# BBQ anyone?



## shen

I enjoy BBQ even more than I do wine, and have built a few smokers over the years. I have this friend that owns a restaurant who asked me to build him one. After acquiring a 500 gallon propane tank, the fun started.

Here's the principle of a reverse flow smoker:





































Next Monday, it's off to paint. I can't wait to pair some wine with whatever BBQ comes off of this thing!!!


----------



## Runningwolf

WOW WOW WOW that is so awesome. keep the pictures coming of this project. Will it have a rotisserie?


----------



## shen

Runningwolf said:


> WOW WOW WOW that is so awesome. keep the pictures coming of this project. Will it have a rotisserie?


Thanks. No, no rotisserie, just 4 racks in the tank portion, and 4 more in the warming oven over the firebox. Eventually it'll have a 5' gas grill, sink, water heater, 2 deep fryers, and a roof. It's a pretty big project.


----------



## ibglowin

Yes, a most excellent design! I seem to recall one almost just like it a few years ago. Great design choice my friend!


----------



## Brew and Wine Supply

I am working off a 1960's version of this for my serious BBQ'n, but that is some SERIOUS!!! BBQ'n

I do a lot of cross flow somking on it, takes about 6 to 8 hours to do ribs...


----------



## joea132

That's awesome. I have a friend who owns a BBQ shop in Maryland with a trailer smoker. The best BBQ I've ever had has come out of his smoker. 

I have a small smoker but if I ever got my hands on a propane tank like that, I would definitely do the same thing.

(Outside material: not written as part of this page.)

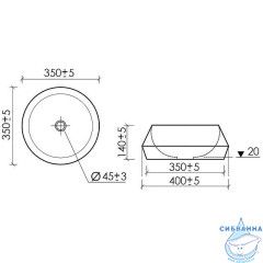 Раковина-чаша Ceramicanova Maya 40 CN12004. Характеристики: Цвет: белый. Материал: санфарфор. Размеры (ШхВхГ): 400x140x400 мм. Диаметр слива: 45 мм. Форма: круглая. Монтаж: накладной (на столешницу). В комплекте поставки: Раковина-чаша.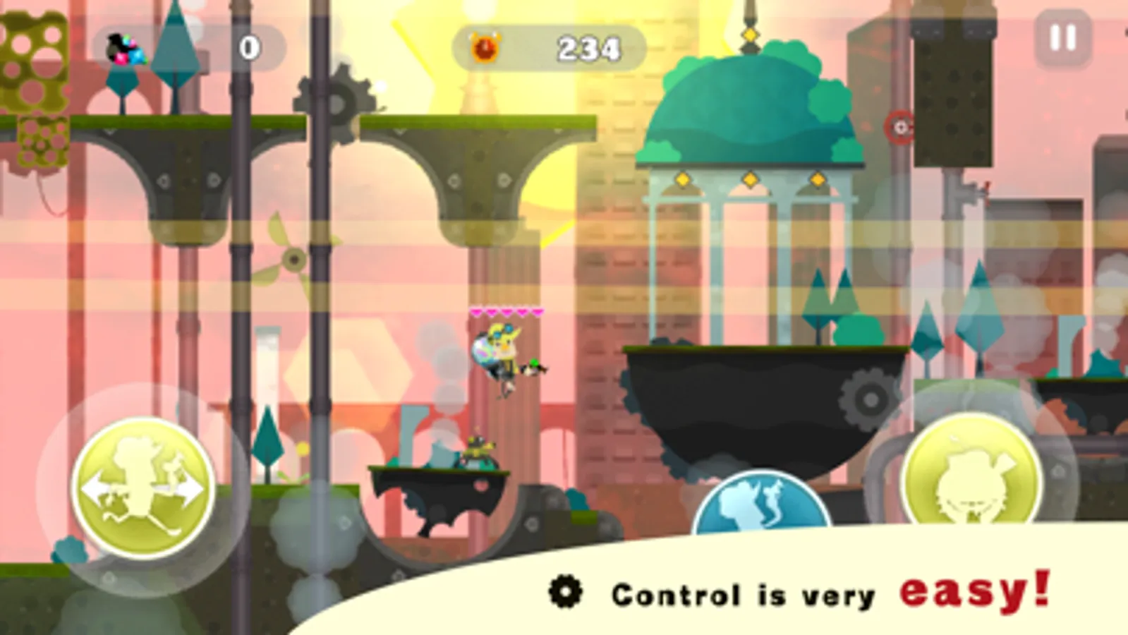 A beautiful and quirky world awaits the player, with refreshing breezy meadows, snowy fields, and rainy mechanical towns. You can even revisit your favorite locations once you have cleared the stages!

Thanks for the schematic and pictures!


----------



## shen

This the one I built for myself about 4-5 years ago:











I thought it was really BIG, until I started building this one for my friend out of a propane tank. It makes mine look small.


----------



## Brew and Wine Supply

AAARRgggghhhh.... the more I look at it the more I get Grill Envy...


----------



## Wade E

Almost ashamed to put mine in here but here it goes anyway.


----------



## Brew and Wine Supply

Have you even used it???  

This is what mine looks like now...sorry for the iphone photos...
Please note extra hickory under it...


----------



## shen

Wade E said:


> Almost ashamed to put mine in here but here it goes anyway.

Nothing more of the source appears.